[[ Data extracts open ]]
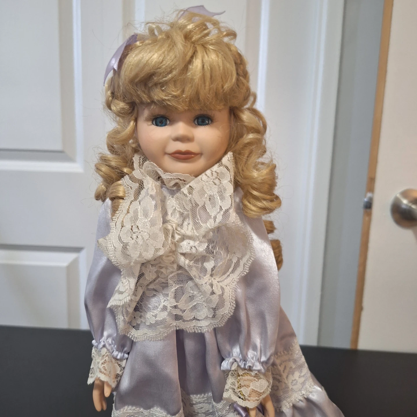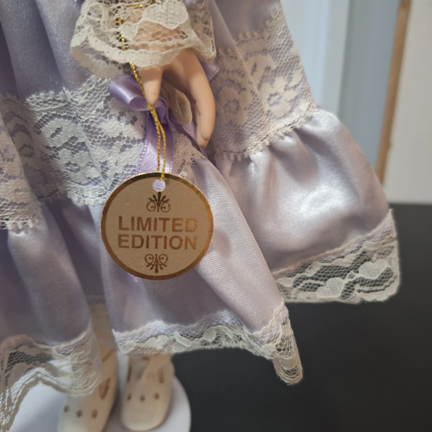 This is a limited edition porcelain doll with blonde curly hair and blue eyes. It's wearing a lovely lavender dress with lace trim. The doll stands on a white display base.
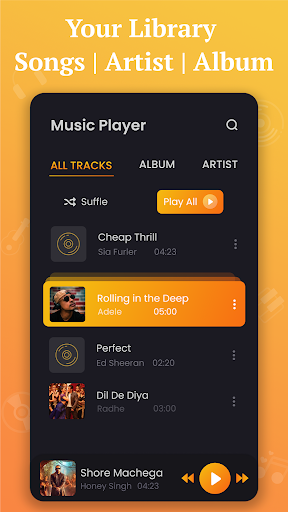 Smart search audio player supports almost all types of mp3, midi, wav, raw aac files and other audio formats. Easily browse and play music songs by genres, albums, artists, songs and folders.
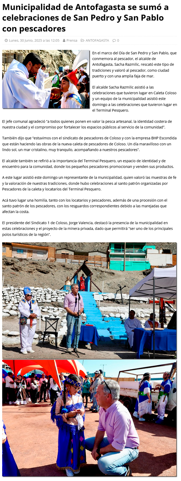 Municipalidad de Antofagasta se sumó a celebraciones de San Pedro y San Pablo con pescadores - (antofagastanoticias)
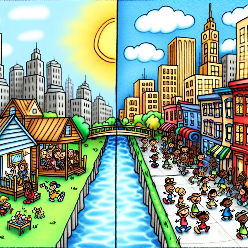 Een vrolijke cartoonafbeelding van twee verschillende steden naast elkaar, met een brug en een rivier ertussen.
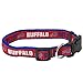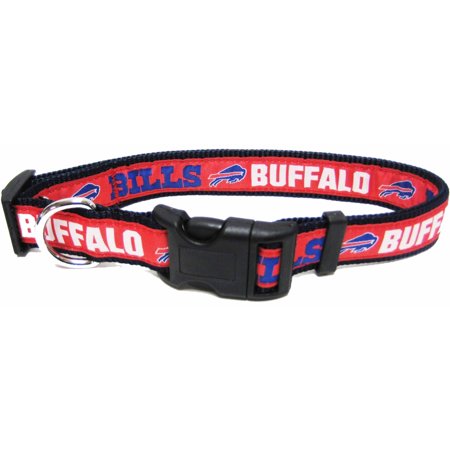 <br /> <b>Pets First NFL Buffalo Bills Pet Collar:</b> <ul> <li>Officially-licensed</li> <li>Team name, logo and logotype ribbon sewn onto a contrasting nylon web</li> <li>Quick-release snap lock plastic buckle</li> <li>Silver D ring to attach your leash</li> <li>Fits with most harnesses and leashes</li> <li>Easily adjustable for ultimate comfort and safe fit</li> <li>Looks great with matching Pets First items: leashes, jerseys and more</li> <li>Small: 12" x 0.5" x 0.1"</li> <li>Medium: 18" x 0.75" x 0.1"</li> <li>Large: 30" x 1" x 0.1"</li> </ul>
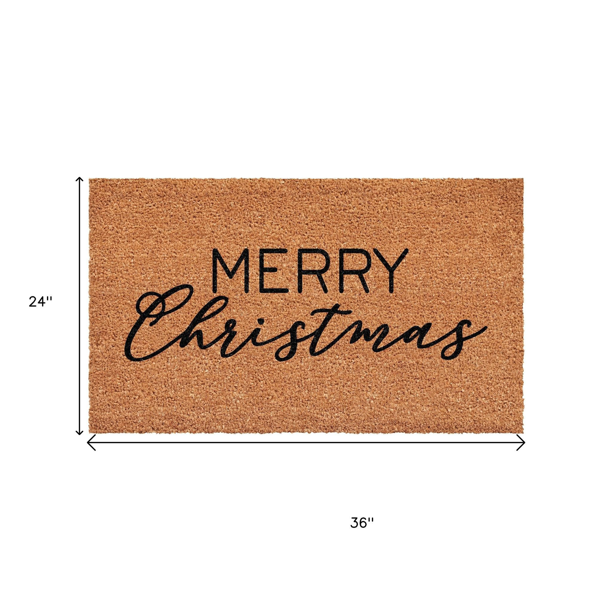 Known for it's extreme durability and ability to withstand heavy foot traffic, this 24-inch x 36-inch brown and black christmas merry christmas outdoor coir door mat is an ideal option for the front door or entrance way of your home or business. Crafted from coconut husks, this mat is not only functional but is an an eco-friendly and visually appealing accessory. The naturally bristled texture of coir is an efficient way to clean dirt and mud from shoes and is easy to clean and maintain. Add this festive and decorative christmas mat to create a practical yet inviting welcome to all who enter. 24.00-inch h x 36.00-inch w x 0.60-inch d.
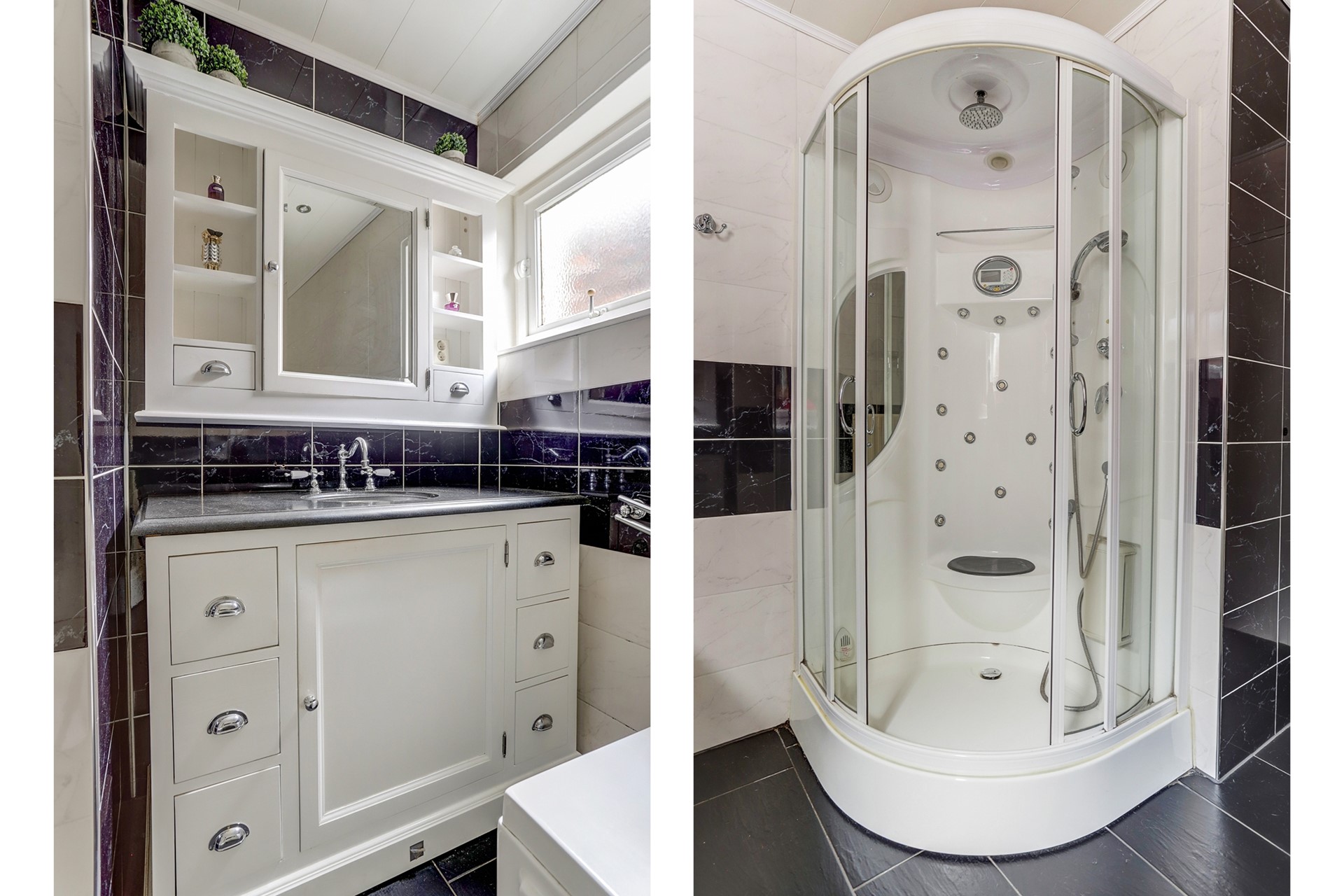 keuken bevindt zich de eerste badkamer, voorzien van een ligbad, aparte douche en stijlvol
[[ Data extracts closed ]]
▶ [Instructions to follow] This task calls for the listing to be restated exactly, with images omitted.

▶ [Problem solution]
 This is a limited edition porcelain doll with blonde curly hair and blue eyes. It's wearing a lovely lavender dress with lace trim. The doll stands on a white display base.
 Smart search audio player supports almost all types of mp3, midi, wav, raw aac files and other audio formats. Easily browse and play music songs by genres, albums, artists, songs and folders.
 Municipalidad de Antofagasta se sumó a celebraciones de San Pedro y San Pablo con pescadores - (antofagastanoticias)
 Een vrolijke cartoonafbeelding van twee verschillende steden naast elkaar, met een brug en een rivier ertussen.
 <br /> <b>Pets First NFL Buffalo Bills Pet Collar:</b> <ul> <li>Officially-licensed</li> <li>Team name, logo and logotype ribbon sewn onto a contrasting nylon web</li> <li>Quick-release snap lock plastic buckle</li> <li>Silver D ring to attach your leash</li> <li>Fits with most harnesses and leashes</li> <li>Easily adjustable for ultimate comfort and safe fit</li> <li>Looks great with matching Pets First items: leashes, jerseys and more</li> <li>Small: 12" x 0.5" x 0.1"</li> <li>Medium: 18" x 0.75" x 0.1"</li> <li>Large: 30" x 1" x 0.1"</li> </ul>
 Known for it's extreme durability and ability to withstand heavy foot traffic, this 24-inch x 36-inch brown and black christmas merry christmas outdoor coir door mat is an ideal option for the front door or entrance way of your home or business. Crafted from coconut husks, this mat is not only functional but is an an eco-friendly and visually appealing accessory. The naturally bristled texture of coir is an efficient way to clean dirt and mud from shoes and is easy to clean and maintain. Add this festive and decorative christmas mat to create a practical yet inviting welcome to all who enter. 24.00-inch h x 36.00-inch w x 0.60-inch d.
 keuken bevindt zich de eerste badkamer, voorzien van een ligbad, aparte douche en stijlvol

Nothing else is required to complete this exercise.